For example, Fig. 3 is 124 (the referred to herein as stimulator of stimulator unit illustrated according to embodiment proposed in this paper Unit 324) one embodiment schematic diagram.In this embodiment, stimulator unit 324 includes six current sources (stimulator) 326 (1) -326 (6) and sparse switching network 325.Sparse switching network 325 is more by what is operated under the control of control unit 360 A switch element (switch) 355 is formed.For ease of description, from the company being omitted in Fig. 3 between switch 355 and controller 360 It connects.Although Fig. 3 illustrates the presence of the controller 360 of a part to form stimulator unit 324, but it is to be understood that this is only It is illustrative, and switch 355 can be by the individual of such as implantation material controller (for example, controller 138 in Figure 1B) Controller is controlled/is activated.

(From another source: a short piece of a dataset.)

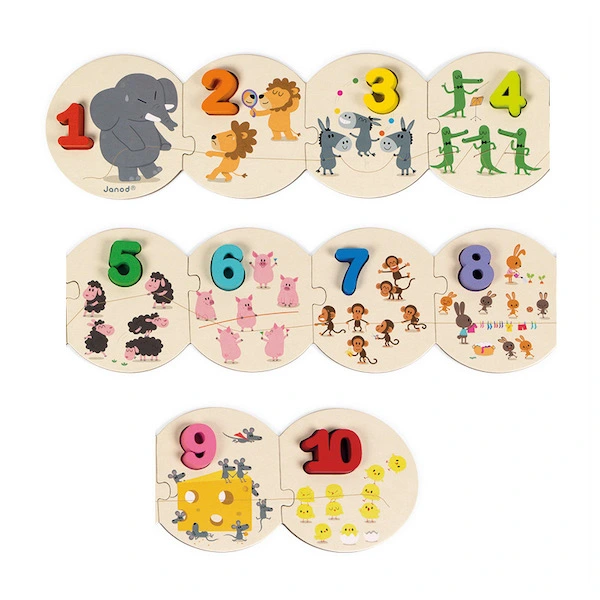 Este puzzle gigante es perfecto para aprender a contar del 1 al 10. Se trata de un puzzle formado por 10 piezas de madera con ilustraciones de animales y 10 números de madera para encajar en cada una de ellas.

Stimulator unit 324 is shown to have cochlea external electrode 140 (1) and 140 (2) and the electricity of Figure 1A-Fig. 1 C and 2 Pole array 150.Each electrode in intra-cochlear electrode 128 (1) -128 (22) in electrod-array 150 is via corresponding conducting wire 129 (1) -129 (22) are electrically connected to sparse switching network 325.Similarly, cochlea external electrode 140 (1) and 140 (2) respectively via Conducting wire 129 (23) and 129 (24) are connected to sparse switching network 325.

According to embodiment proposed in this paper, sparse switching network 325 is configured as in different times, by current source 326 Each current source in (1) -326 (5) is used to selectively connect to multiple 128 (1) -128 of (that is, more than one) intra-cochlear electrode (22), and by each intra-cochlear electrode in intra-cochlear electrode 128 (1) -128 (22) it is used to selectively connect to current source 326 (1) -326 (5) only one subset.In addition, sparse switching network 325 is configured as current source 326 (6) being selectively connected To cochlea external electrode 140 (1) and/or cochlea external electrode 140 (2).In other words, sparse switching network 325 be include multiple open 355 hardwire electric network is closed, multiple switch 355 is configured as in different times, will be in current source 326 (1) -326 (6) Each current source is used to selectively connect in implant electrode (that is, electrode 128 (1) -128 (22), 140 (1) or 140 (2)) only A subset.Multiple switch 355 is arranged to that adjacent intra-cochlear electrode 128 (1) -128 (22) is prevented to be connected to identical electricity Stream source 326 (1) -326 (5).When being connected to electrode, current source 326 (1) -326 (6) can be provided which or draw electric current.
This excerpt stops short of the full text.